Ricky Pinheiro

Personal information
- Full name: Ricardo Soares Pinheiro
- Date of birth: 1 February 1989 (age 37)
- Place of birth: Kaiserslautern, West Germany
- Height: 1.85 m (6 ft 1 in)
- Position: Midfielder

Team information
- Current team: SV Morlautern
- Number: 8

Youth career
- 1993–2007: 1. FC Kaiserslautern

Senior career*
- Years: Team / Apps / (Gls)
- 2007–2011: FC Kaiserslautern II / 46 / (5)
- 2008–2010: → FC Kaiserslautern / 8 / (1)
- 2010: → VfL Osnabrück (loan) / 14 / (1)
- 2012: Borussia Neunkirchen / 1 / (0)
- 2012–2013: Hessen Kassel / 35 / (9)
- 2013–2014: FC Kaiserslautern II / 17 / (2)
- 2014–2015: SV Elversberg / 40 / (4)
- 2015–2018: Wormatia Worms / 94 / (12)
- 2018–2019: FK Pirmasens / 31 / (6)
- 2019–: SV Morlautern / 8 / (3)

= Ricky Pinheiro =

Portuguese footballer

Ricardo "Ricky" Soares Pinheiro (born 1 February 1989 in Kaiserslautern, West Germany) is a Portuguese footballer who plays for SV Morlautern.

== Career ==
Pinheiro began his career with 1. FC Kaiserslautern and on 23 July 2009, he signed his first professional contract with the club.
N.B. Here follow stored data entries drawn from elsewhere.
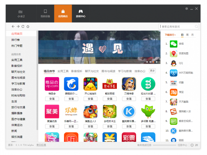 小米助手2.0 Beta版的精准定位和以前彻底不一样。以前版本号的小助手是一个PC端的实用工具,仅为小米用户的备份数据、复原、升級、一键刷机作用要求服务项目。全新升级重做、全新升级重新构建的小米助手,在管理方法作用上更为全方位,更担负起PC端开放平台的功能。此次首测的是beta版,以后的快速迭代会绵绵不绝,新的作用与提升会持续与客户们碰面,诸位针对小米助手的提议、要求、拍砖、调侃都通通快来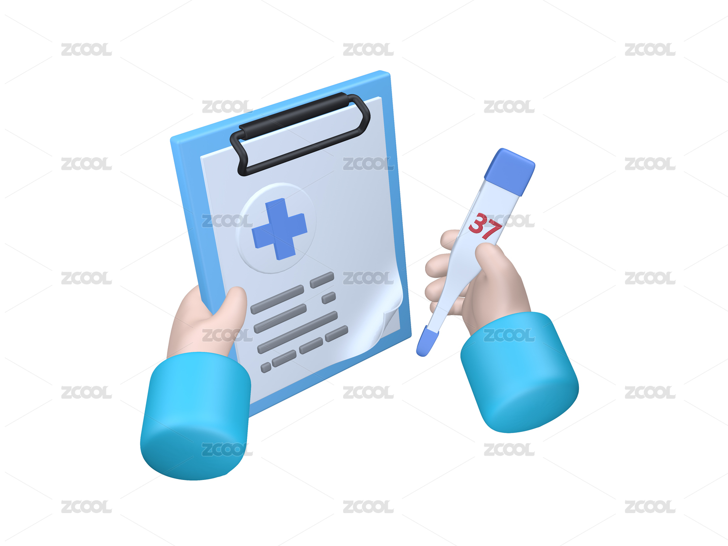 3d蓝色笔记报告夹与金色十字盾牌医疗素材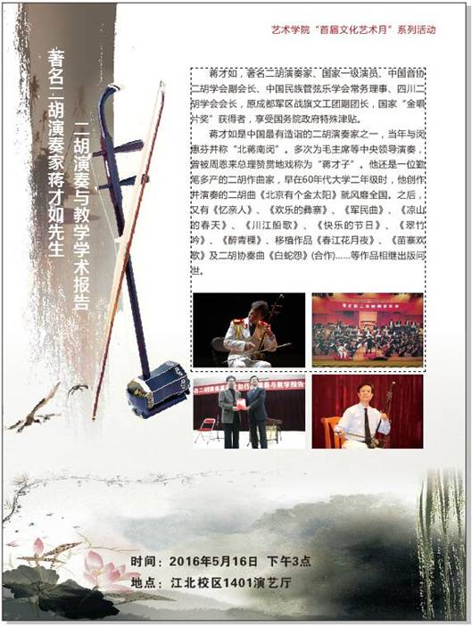 澳门信誉最好十大平台“首届文化艺术月”——著名二胡演奏家蒋才如先生学术报告公告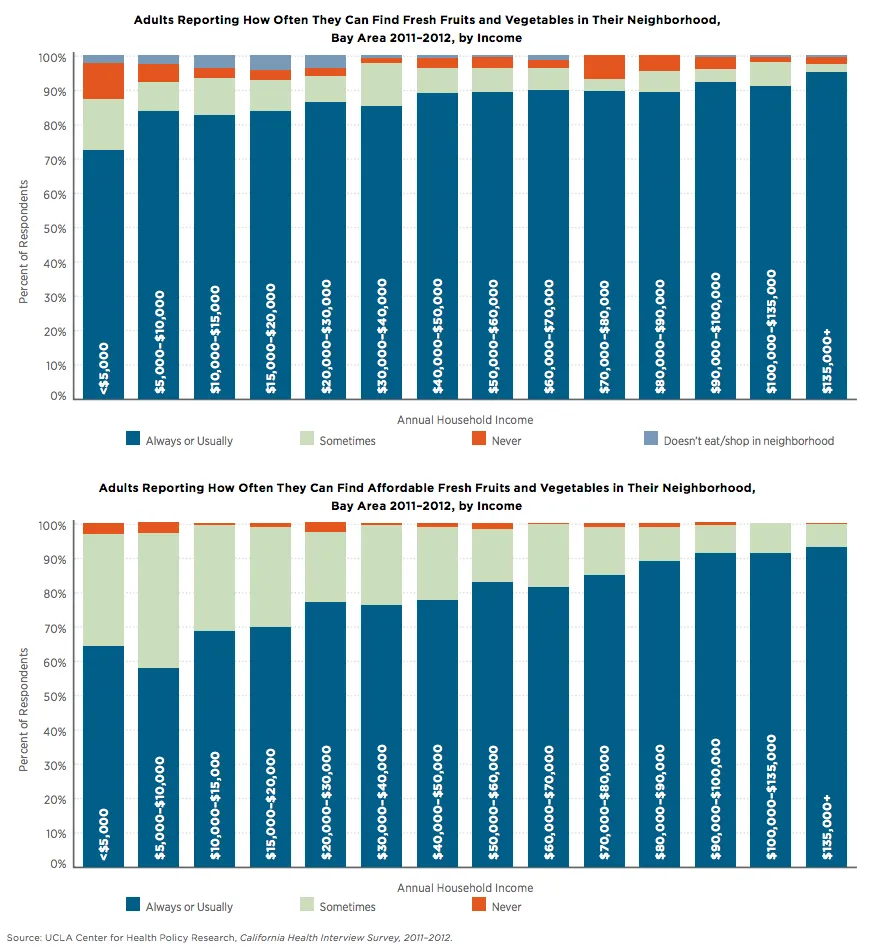将新鲜水果和蔬菜的获取与可负担的新鲜水果和蔬菜的获取进行对比,揭示了对健康食品需求的差异。SPUR地方政府可以在减少对不健康食品的需求和增加对健康食品的需求方面发挥作用。美国农业部的最新SNAP拨款正是为了实现这一目标,其中370万美元将支持加州市场匹配项目。该计划在农贸市场上按比例匹配SNAP购买金额(最高可达10美元)。因此,在农贸市场上花费10美元的食品券的人可以获得20美元的食品,双倍提升了福利的购买力。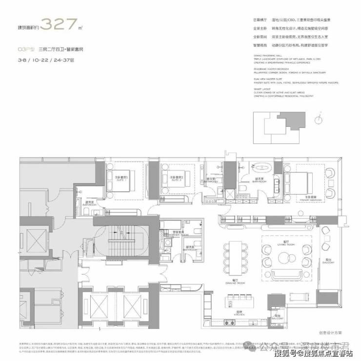 【327平03户型 三房二厅四卫+管家套房】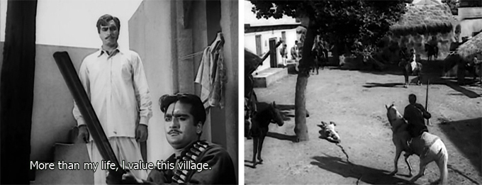 The film opens with a musical paean to India’s history and traditions as the credits roll. The bucolic rural idyll it represents is rudely interrupted by the arrival of dacoits, led by one Thakur Jarnail Singh (Sunil Dutt). His stop for a quick prayer at the local temple notwithstanding, he is not a likable man. He brutally murders a local man who refuses to procure bullets for him despite the pleas of the man’s wife Champa (Nirupa Roy), who becomes a young widow with a baby boy named Mohan.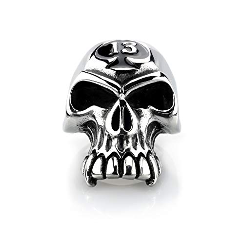 Anello in acciaio inox massiccio con teschio Pik 13, colore: argento e Acciaio inossidabile, 28, cod. 4024-12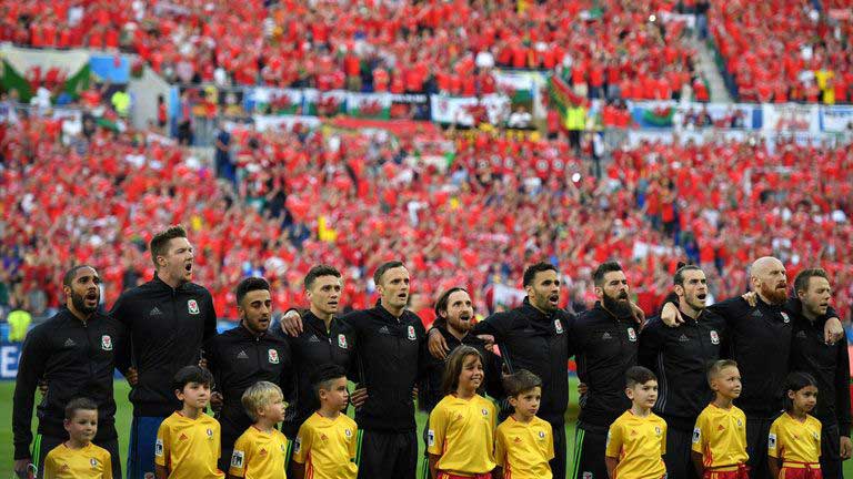 Cefnogwyr a thîm Cymru yn canu'r anthem cyn y gêm bêl-droed yn erbyn Iwerddon yn Stadiwm Dinas Caerdydd ym mis Hydref 2017:

He made his debut on the professional league level in the 2. Bundesliga for the first team on 5 October 2008, when he came on as a substitute in the 81st minute in a game against TuS Koblenz. In December 2009, he was loaned to VfL Osnabrück until the end of the season.